# Molding of a cylinder head



## Titou16 (Jan 6, 2018)

Hello,

This time it's done. It was pretty hard. I had to do 8 tries to mold this piece of the new version of my Stirling engine. I thought for a moment that I could not do it with the means that I have. But this time it's done. I show in this video how I proceeded. I had to make a mold entirely made with a mix of sand + sodium silicate.






This new Cylinder Head is to strongly improve my last engine that I have made last year.


----------



## Bob Korves (Jan 6, 2018)

Magnifique!

Excellent artisanat!


----------



## Titou16 (Jan 7, 2018)

Merci


----------



## easttex (Jan 7, 2018)

I regret that I do speak French, but I thoroughly enjoyed the video all the same. You are to be commended for a job well done. Bravo!

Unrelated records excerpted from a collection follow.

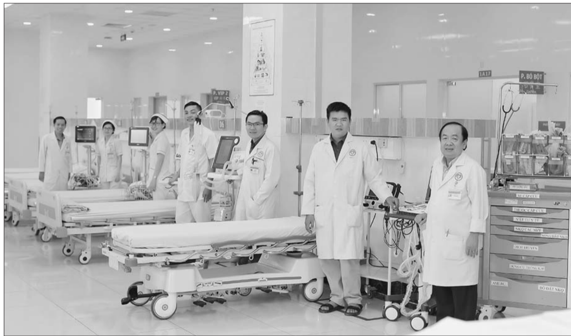
KTNN kiến nghị Bộ Y tế ban hành, sửa đổi, bổ sung nhiều văn bản hướng dẫn thực hiện công tác quản lý TTBYT

Từ những hạn chế, bất cập trong đầu tư, mua sắm, quản lý, sử dụng trang thiết bị y tế (TTBYT), KTNN đã chỉ ra và kiến nghị khắc phục những thiếu sót, hạn chế của Bộ Y tế và các địa phương trong vai trò điều hành, giám sát. Đặc biệt, KTNN đã đưa ra những ý kiến tư vấn đối với Bộ Y tế về ban hành, bổ sung, sửa đổi văn bản hướng dẫn thực hiện công tác quản lý TTBYT.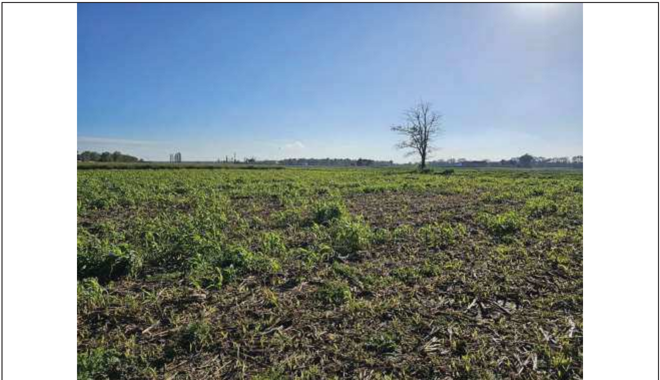
73 Altra vista della particella n. 494;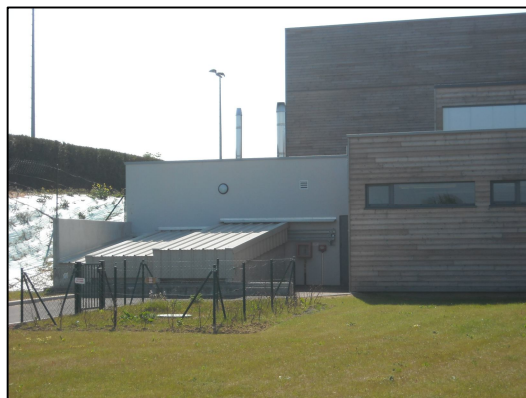
Chaufferie au bois déchiqueté du gymnase de Fontaine-Etoupefour mise en service en octobre 2009 (14 – 110 kW)

Les maîtres d'ouvrage peuvent bénéficier du soutien financier de la Région, de l'ADEME et de l'Europe dans la mise en œuvre des projets.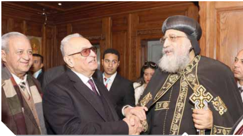
أبوشقة يهتئ البابا تواضروس بعيد الميلاذ المجيد وإلى جواره سفير نور

«السيسى» للمصريين: لا تقلقوا ولا تسمحوا لأحد يدخل بيننا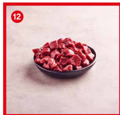
75539 | Cubes +/- 2,2 kg (+/- 10 g)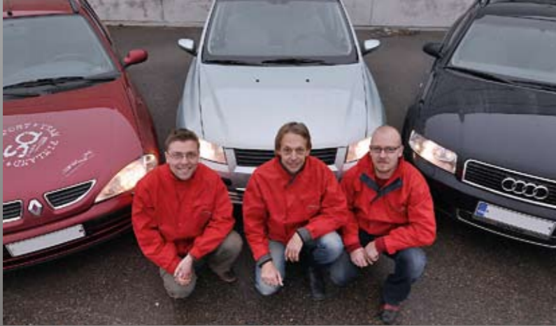
Teksti ja kuvat: Janne Soikari Asennuskuvat: Autojen omistajat

Sent from my SM-G950U using Tapatalk


----------



## Bob Korves (Jan 7, 2018)

Bob Korves said:


> Magnifique!
> 
> Excellent artisanat!


Was not my fluency in French, rather my ability to work my way through with Microsoft Translator.


----------



## Titou16 (Jan 23, 2018)

Here is the last piece of my Stirling engine. A casing for the axial flux generator that will been driven by the engine.






And the cylinder head as been machined.


----------